Well-trained neural networks are generally superior to the other heuristics. Pre-trained nets will be available for download soon. For now, you can follow the steps below to train and use your own net from scratch using the models defined in `slidingpuzzle/nn/models.py`.

```console
pip install -r requirements-nn.txt
```

You can then train a new network easily:

```python
>>> import slidingpuzzle.nn as nn
>>> model = nn.Model_v1(3, 3)
>>> nn.train(model)
```

You will now have various model checkpoints available from training.
To load a specific epoch:

The model with highest accuracy on the test data is tagged `"acc"`.

```python
>>> checkpoint = nn.load_checkpoint(model, tag="acc")
>>> checkpoint["epoch"]
3540
```

(See the `checkpoints` directory for all trained models available to load by `tag`.)
You can then register the model:

```python
>>> nn.set_heuristic(model)
```

Your model is now available as `nn.v1_distance`. (These are associated behind the scenes via the `model.version` string.)

```python
>>> board = shuffle_board(new_board(3, 3))
>>> search(board)
[solution=[8, 7, 3, 8, 7, 6, 5, 3, 8, 7, 6, 5, 3, 2, 1, 4, 7, 8, 5, 6]
solution_len=20, generated=1350, expanded=864, unvisited=487, visited=503]
>>> search(board, heuristic=nn.v1_distance)
[solution=[8, 6, 5, 7, 3, 8, 6, 3, 7, 5, 3, 6, 8, 7, 5, 2, 1, 4, 7, 8]
solution_len=20, generated=662, expanded=406, unvisited=257, visited=247]
```

You can save your model to disk to be used automatically as the default for `nn.v1_distance`.

```python
>>> nn.save_model(model)
```

Your model will now be available whenever you import `slidingpuzzle.nn`.

```python
>>> compare(3, 3, ha=manhattan_distance, hb=nn.v1_distance, num_iters=128, weight=7)
(542.3671875, 85.203125)
```

Training uses GPU if available and falls back to CPU otherwise.

## Custom Models

First define your `torch.nn.Module` somewhere.
Your model class must:
- have a unique `self.version` string that is safe to use in filenames (e.g. `"my_model_v1"`)
- have `self.h` and `self.w` indicating the input board dimensions it expects,
- have a `forward()` that accepts board as a tensor constructed by:
  - `torch.tensor(board, dtype=torch.float32)`
  - (The tensor above does not include the batch dimension.)
  - For example, expect: `model(board)`

Train and save your model as above.

You can now copy-paste the model-based heuristic function below:

```python
def my_model_distance(board) -> float:
    h, w = len(board), len(board[0])
    heuristic = nn.get_heuristic(h, w, "my_model_version")
    return heuristic(board)
```

Just change `"my_model_version` to the string you used in your model class.

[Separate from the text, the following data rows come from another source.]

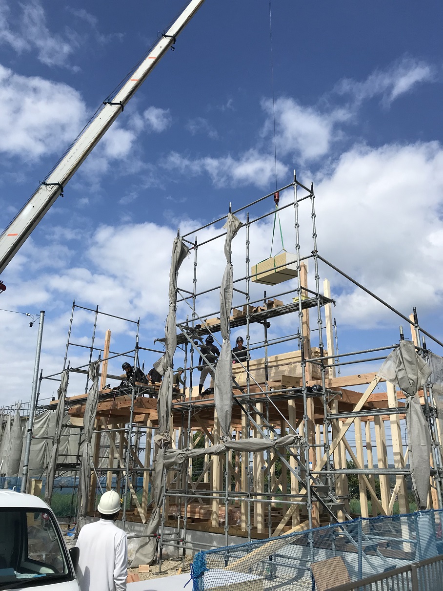 クレーンで吊っているのはプラスターボード(石膏ボード)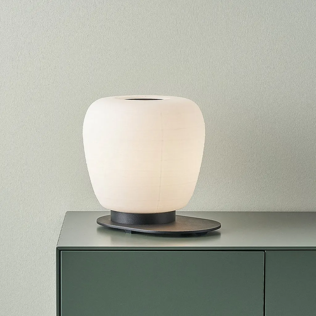 The Misko Table Lamp from B.lux brings retro-inspired elegance to tables and workspaces. Crafted by Stone Designs, it features a sleek oval base supporting a round housing that holds the lamp, softened by a matte opal blown glass shade reminiscent of a lantern. This design emits a warm, inviting glow, combining simplicity with enduring style to enhance any interior with subtle sophistication. Highlights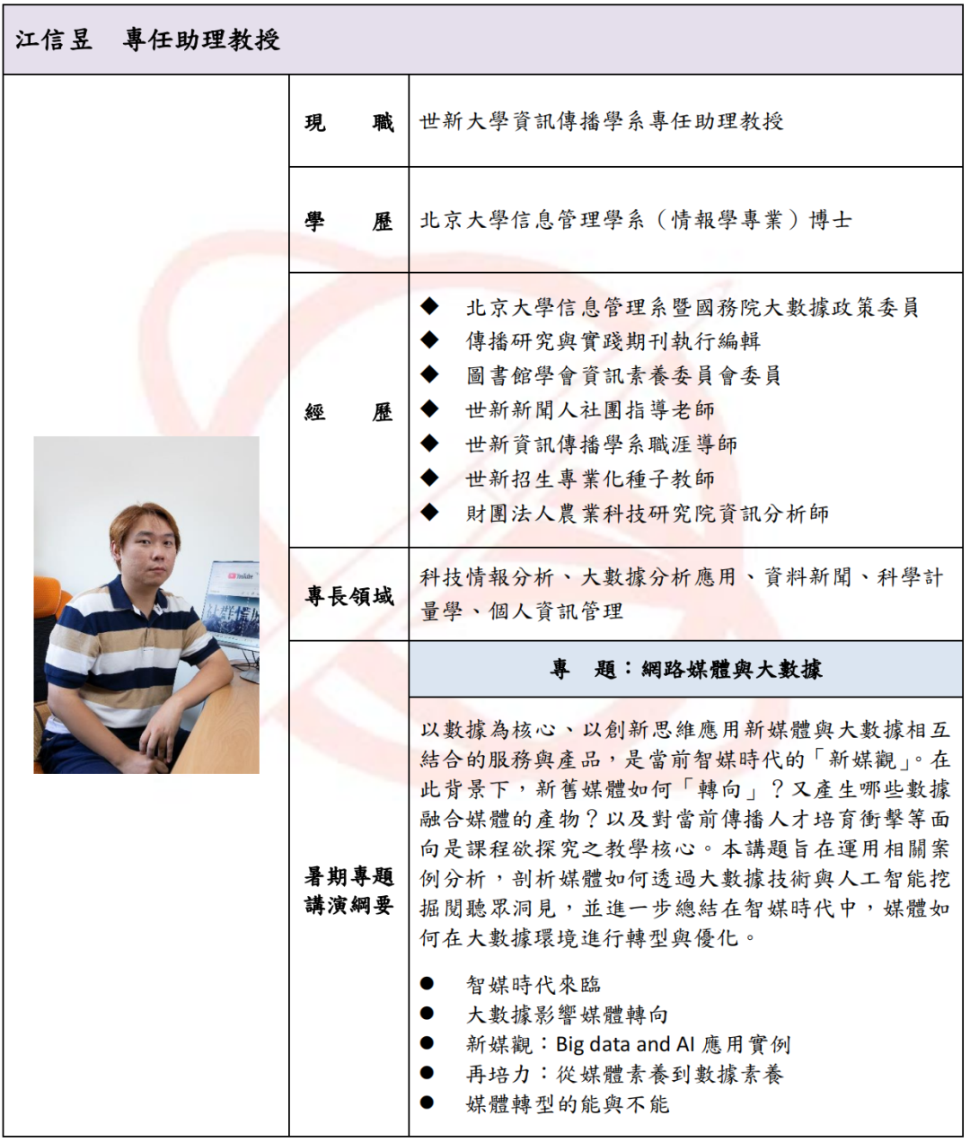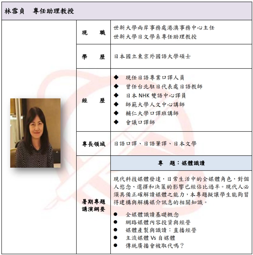 世新大学为大陆地区员工申请短期研修简章2023年秋季班,设有三个研修班: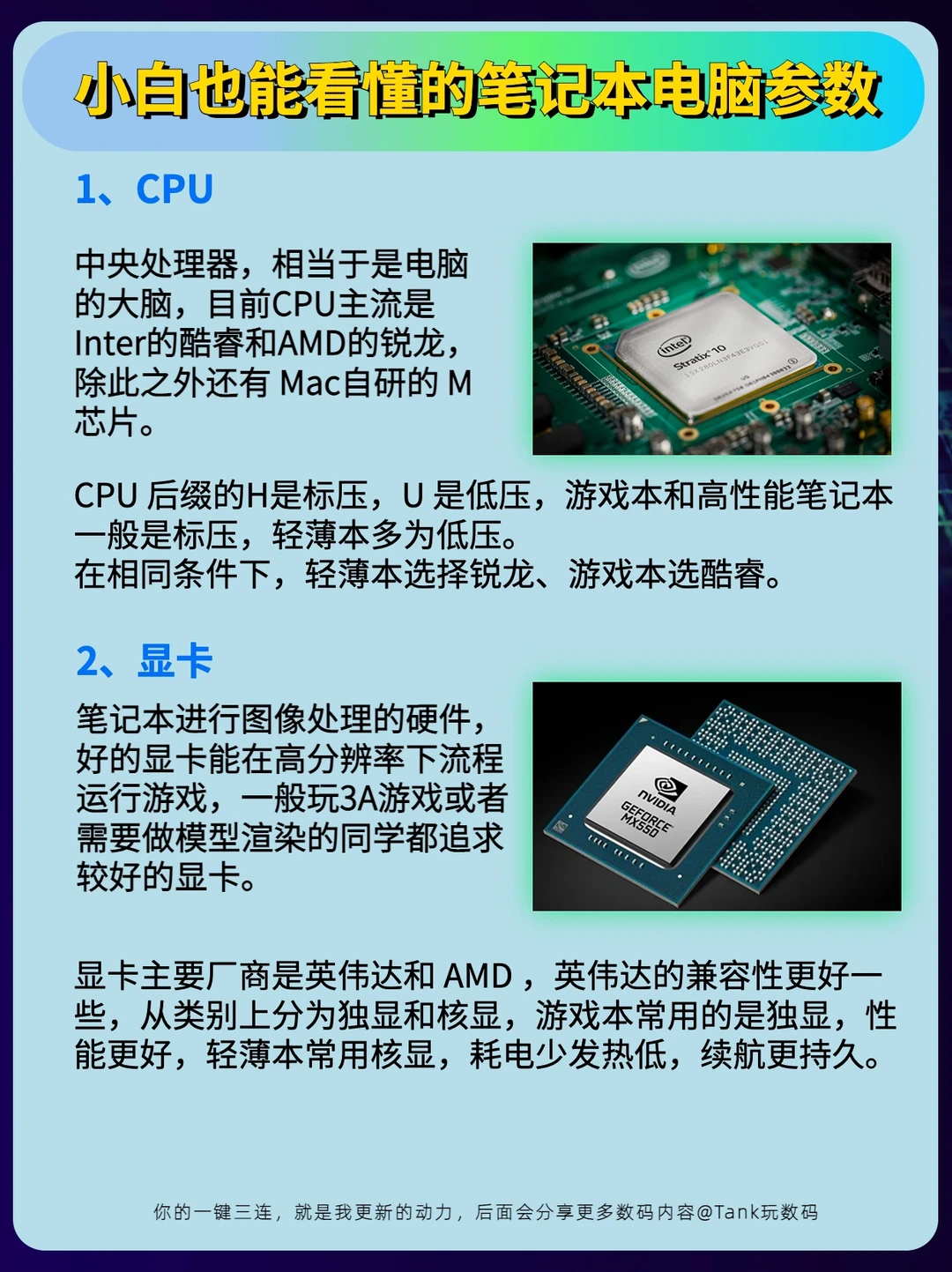 笔记本进行图像处理的硬件,显卡主要厂商是英伟达和 AMD ,游戏本常用的是独显,轻薄本常用核显。

And you use it as expected:

```python
>>> search(board, "a*", heuristic=my_model_distance)
```

You can add your `my_model_distance()` function to the bottom of `nn/heuristics.py` to make it permanently available.

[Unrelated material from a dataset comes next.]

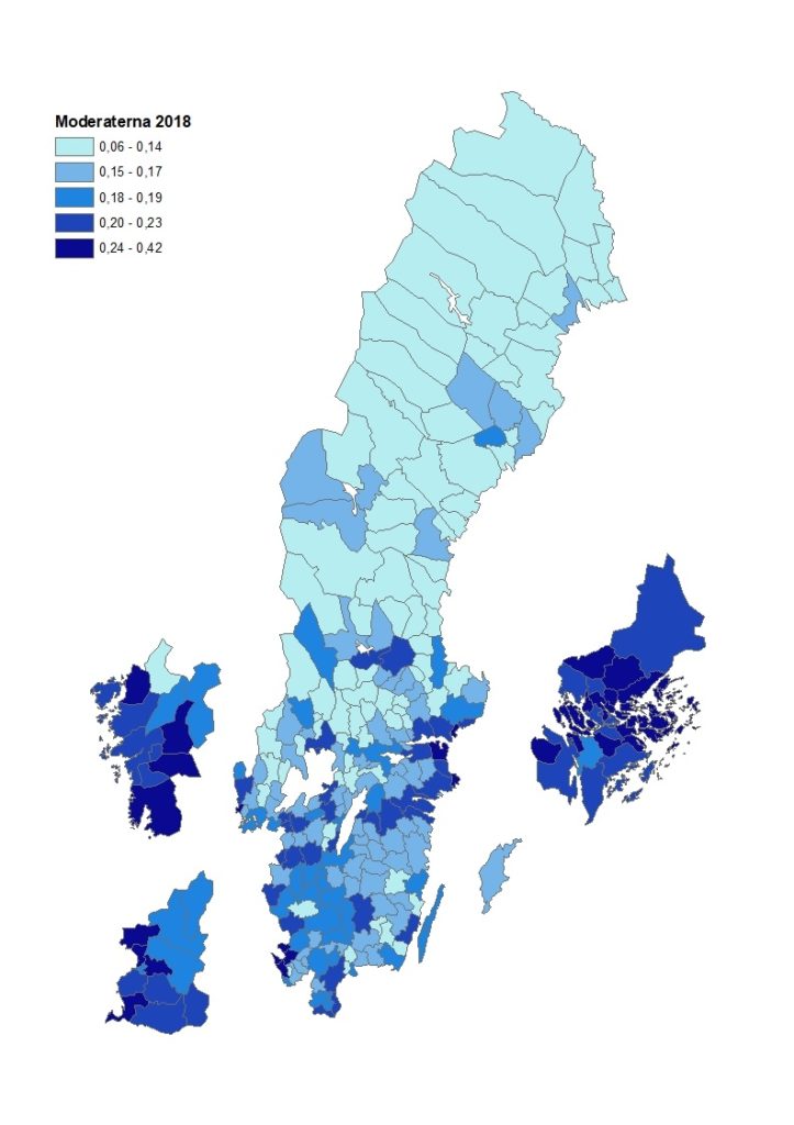 Kartan nedan illustrerar andelen röster som Moderaterna fick i de svenska kommunerna:

During training, tensorboard will show your training/test loss and accuracy.
After training is complete, you can also evaluate each checkpoint for comparison.

For example, to run each checkpoint on 10 random boards starting from epoch 650:

```python
>>> nn.evaluate_checkpoint(model, epoch)
```

The call to `evaluate_checkpoint()` will automatically load the model weights from the checkpoint file for `epoch` and run `evaluate_heuristic()`.


## Creating a Pull Request

First of all, thanks for contributing!
Setup your dev environment:

```console
pip install -r requirements-dev.txt
```

First and **most importantly** verify you haven't broken anything by running [`pytest`](https://pypi.org/project/pytest/):
```console
pytest
```

Don't forget to add new tests for anything you've added.

You can also run `mypy` and look for any new violations:
```console
mypy src
```

Finally, check that the docs look correct:
```console
cd docs
./make html
```

[`Black`](https://pypi.org/project/black/) and [`flake8`](https://pypi.org/project/flake8/) are used for formatting and linting, but they are automatically run by the pre-commit hooks installed in the Git repo.

If you made changes in the `nn` submodule, you also need to install `requirements-nn.txt` and run `pytest tests/test_nn.py` to validate.